Material provided —
- - - - -

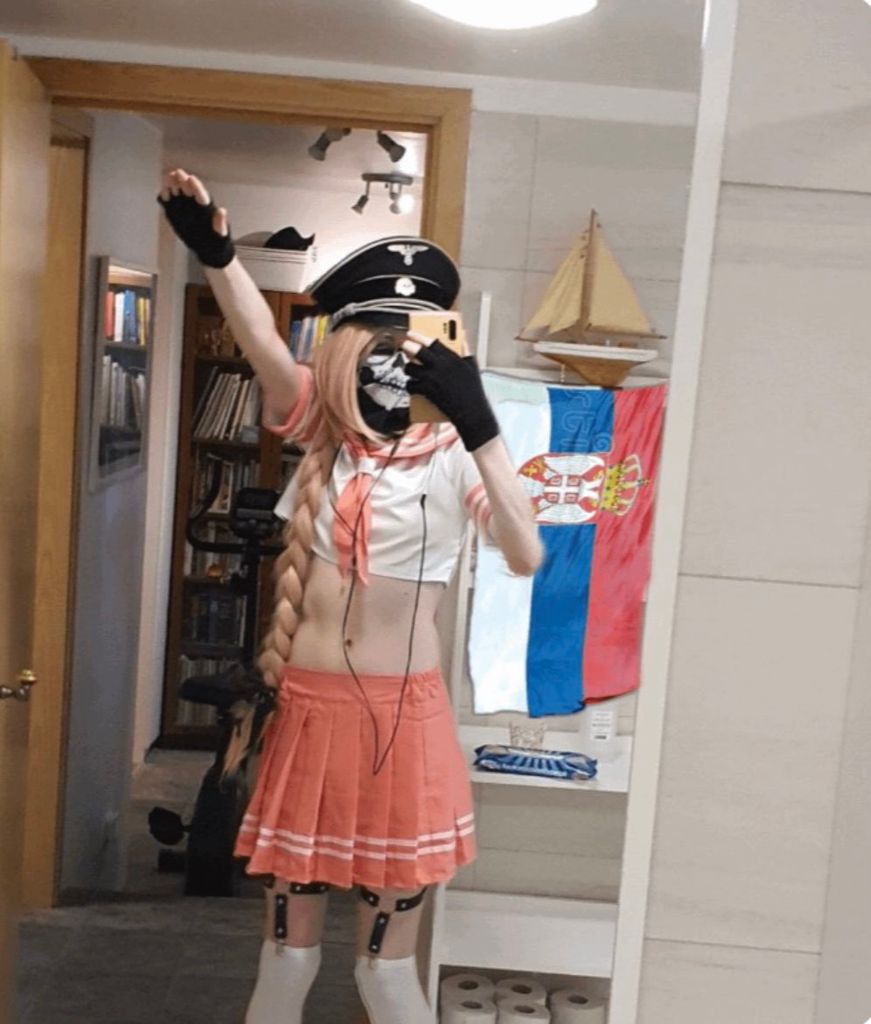 Une jeune où on dirait un aviateur américain de la seconde guerre mondiale
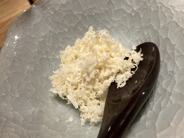 ホタテ入ってる、シャリシャリしているのはマスカットにジュレ。
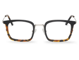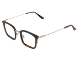 Montura circular metálica con apliques en acetato exteriores en una combinación particular y llamativa.
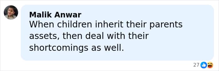 “When children inherit their parents’ assets, then they deal with their shortcomings as well,” another commenter wrote.

- - - - -

Make an exact copy of the listing. Leave its pictures out.

Output for this exercise —
 Une jeune où on dirait un aviateur américain de la seconde guerre mondiale
 ホタテ入ってる、シャリシャリしているのはマスカットにジュレ。
 Montura circular metálica con apliques en acetato exteriores en una combinación particular y llamativa.
 “When children inherit their parents’ assets, then they deal with their shortcomings as well,” another commenter wrote.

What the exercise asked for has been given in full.